Für die kommenden Jahre stehen noch umfangreiche Sanierungsarbeiten an. Die müssen aber in enger Abstimmung mit dem Denkmalschutz und dem Brandschutz realisiert werden. »Vor allem die notwendigen Genehmigungen dafür kosten Zeit. Deshalb war es uns wichtig, solche Arbeiten anzugehen, die unmittelbar umgesetzt werden können, zumal die Schaffung eines Lehrerzimmers am Burggymnasium dringend nötig war«, erläuterte Weckler. Nun wurde ein Raum für die Lehrkräfte geschaffen, der laut Pressemitteilung des Wetteraukreises durch unterschiedliche Tischhöhen, -formen und kombinierte Sitzmöglichkeiten »eine dynamische und flexible Arbeits- und Pausenatmosphäre vermittelt«. »Mit der Einrichtung haben wir Wert auf ein freundliches, aufgeschlossenes und zeitloses Farbkonzept gelegt. Vor allem können Lehrerzimmer und Teeküche getrennt voneinander genutzt werden, die Teeküche zum Beispiel auch für kleinere Konferenzen«, erklärte Weckler.
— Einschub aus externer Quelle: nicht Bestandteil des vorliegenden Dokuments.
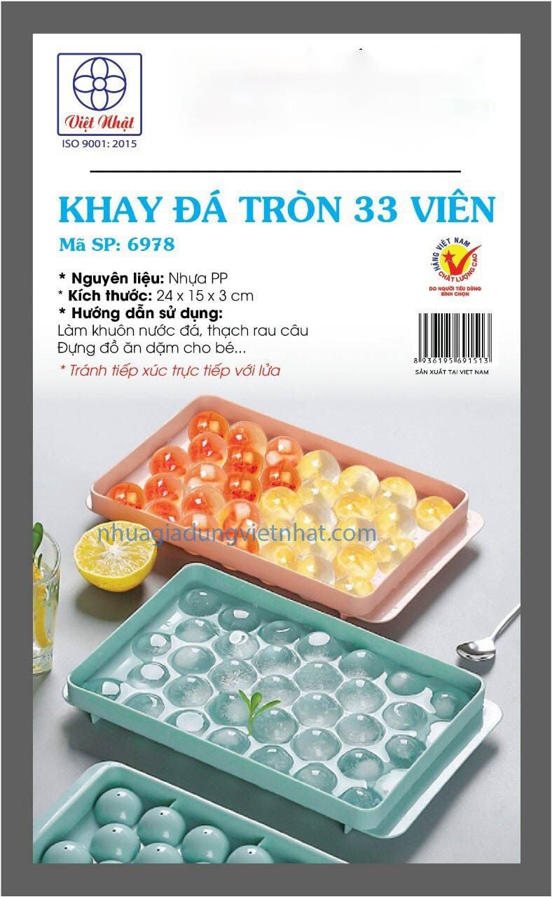 + Khay đá tròn 33 viên 6978, khay làm đá thông minh tạo ra những viên đá rất đẹp mắt, khay có nắp đậy sạch sẽ

Zudem stehen im Lehrerzimmer Beamer und Whiteboard zur Verfügung. Raum und Möbel sind so konzipiert, dass sie sich ohne großen Aufwand in eine Konferenzbestuhlung umbauen lassen. Zusätzlich ist ein digitales Schwarzes Brett geplant. Rund 85 000 Euro hat die Maßnahme gekostet. Insgesamt sind in den kommenden Jahren Investitionen in einem Gesamtumfang von rund 700 000 Euro geplant.